Termination. In addition to any remedies that may be provided under these Terms, Buyer may terminate this Agreement with immediate effect upon written notice to the Seller, either before or after the acceptance of the Goods or the Seller’s delivery of the Services. If the Seller becomes insolvent, files a petition for bankruptcy or commences or has commenced against it proceedings relating to bankruptcy, receivership, reorganization or assignment for the benefit of creditors, then the Buyer may terminate this Agreement upon written notice to Seller. If Buyer terminates the Agreement for any reason, Seller’s sole and exclusive remedy is payment for the Goods received and accepted and Services accepted by Buyer prior to the termination.

Confidential Information. All non-public, confidential or proprietary information of Buyer, including but not limited to, specifications, samples, patterns, designs, plans, drawings, documents, data, business operations, customer lists, pricing, discounts or rebates, disclosed by Buyer to Seller, whether disclosed orally or disclosed or accessed in written, electronic or other form or media, and whether or not marked, designated or otherwise identified as “confidential” in connection with this Agreement is confidential, solely for the purpose of performing this Agreement and may not be disclosed or copied unless authorized in advance by Buyer in writing.
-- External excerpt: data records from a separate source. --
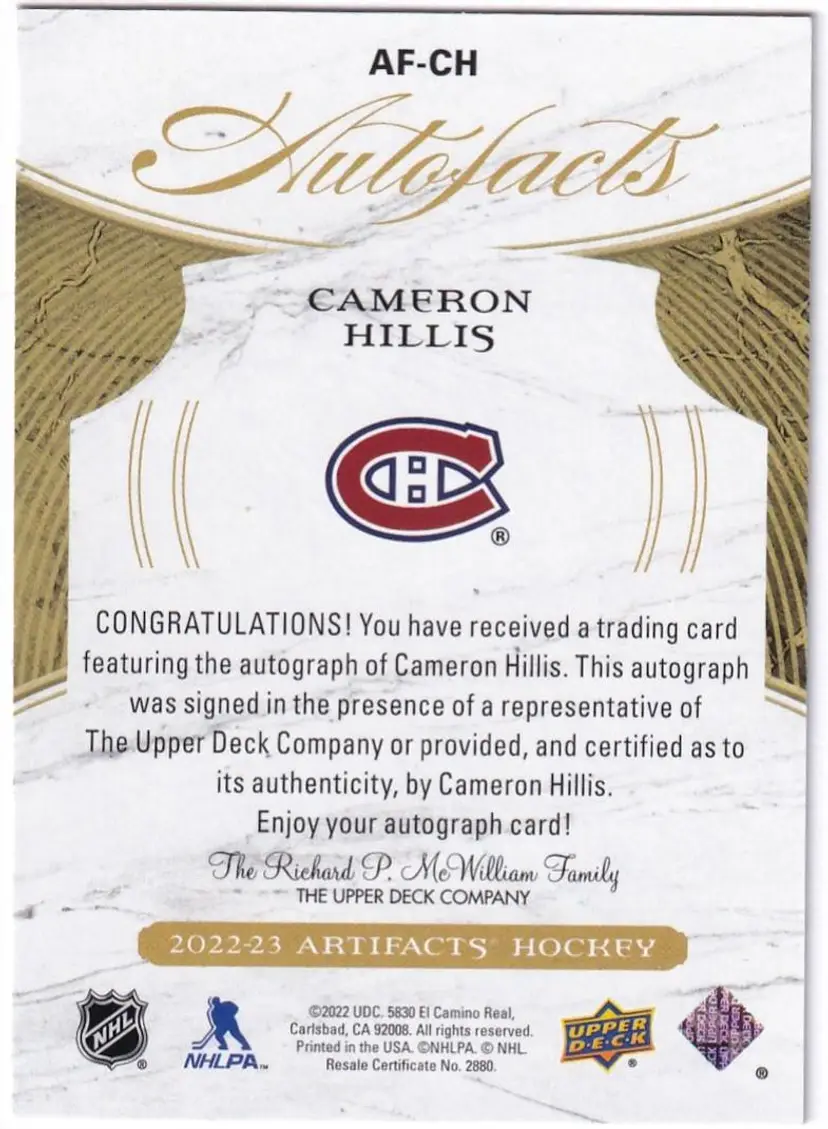 2022-23 Artifacts Autofacts #AFCH Cameron Hillis Montreal Canadiens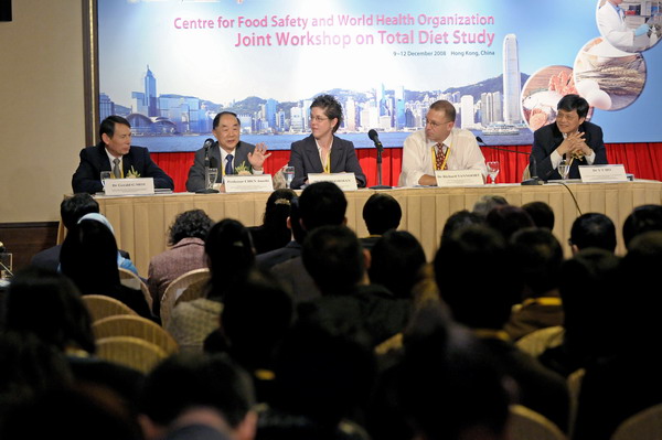 食物安全中心聯同世界衞生組織舉辦的總膳食研究工作坊上,講者與參加者分享進行總膳食研究所需的知識和技巧。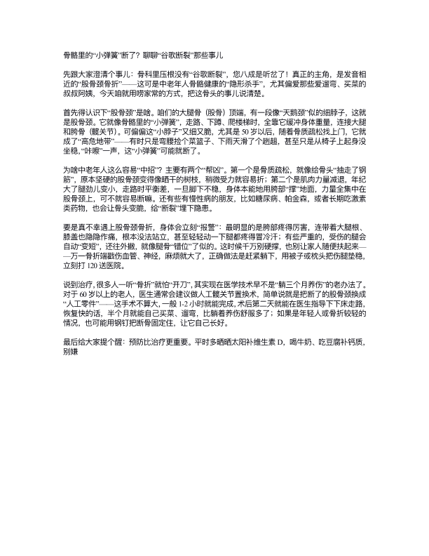 ⻣骼⾥的“⼩弹簧”断了?聊聊“⾕歌断裂”那些事⼉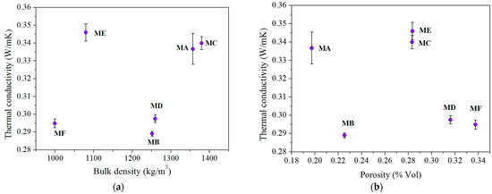 Then, in Figure 5, the relationship is applied between the physical quantities for the first parameter mentioned. In both cases, there is no linear correlation between the variables analyzed. In the case of bulk density, there is a significant trend in samples about thermal conductivity that obeys the theory stipulated in the thermal behavior of ceramic materials. Nonetheless, by taking the ME with a slightly higher thermal conductivity than the MA and MC as an example, the density is approximately 20% lower than the last-mentioned samples. Likewise, some samples with relatively low porosity have a higher thermal insulation value and vice versa, as in sample MB.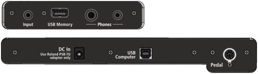 Gniazda USB dla pendriva i dla komputera pozwalają wykorzystać pianino jako klawiature sterującą MIDI oraz nagrywać/odtwarzać dźwięk bezpośrednio na pendrivie w formacie Standard MIDI Files lub Audio File (WAV, 44.1 kHz, 16-bit linear format).

Miscellaneous. The relationship between the parties is that of independent contractors. Nothing contained in this Agreement shall be construed as creating any agency, partnership, joint venture or other form of joint enterprise, employment or fiduciary relationship between the parties, and neither party shall have authority to contract for or bind the other party in any manner whatsoever. All matters arising out of or relating to this Agreement are governed by and construed in accordance with the internal laws of the State of South Dakota without giving effect to any choice or conflict of law provision or rule (whether of the State of South Dakota or any other jurisdiction) that would cause the application of the laws of any jurisdiction other than those of the State of South Dakota. Any legal suit, action or proceeding arising out of or relating to this Agreement shall be instituted in the federal courts of the United States of America or the courts of the State of South Dakota in each case located in the City of Sioux Falls, South Dakota and County of Minnehaha, and each party irrevocably submits to the exclusive jurisdiction of such courts in any such suit, action or proceeding. If any term or provision of this Agreement is invalid, illegal or unenforceable in any jurisdiction, such invalidity, illegality or unenforceability shall not affect any other term or provision of this Agreement or invalidate or render unenforceable such term or provision in any other jurisdiction. Provisions of these Terms that by their nature should apply beyond their terms will remain in force after any termination or expiration of this Agreement. These Terms may only be amended or modified in a writing stating specifically that it amends these Terms and is signed by an authorized representative of each party.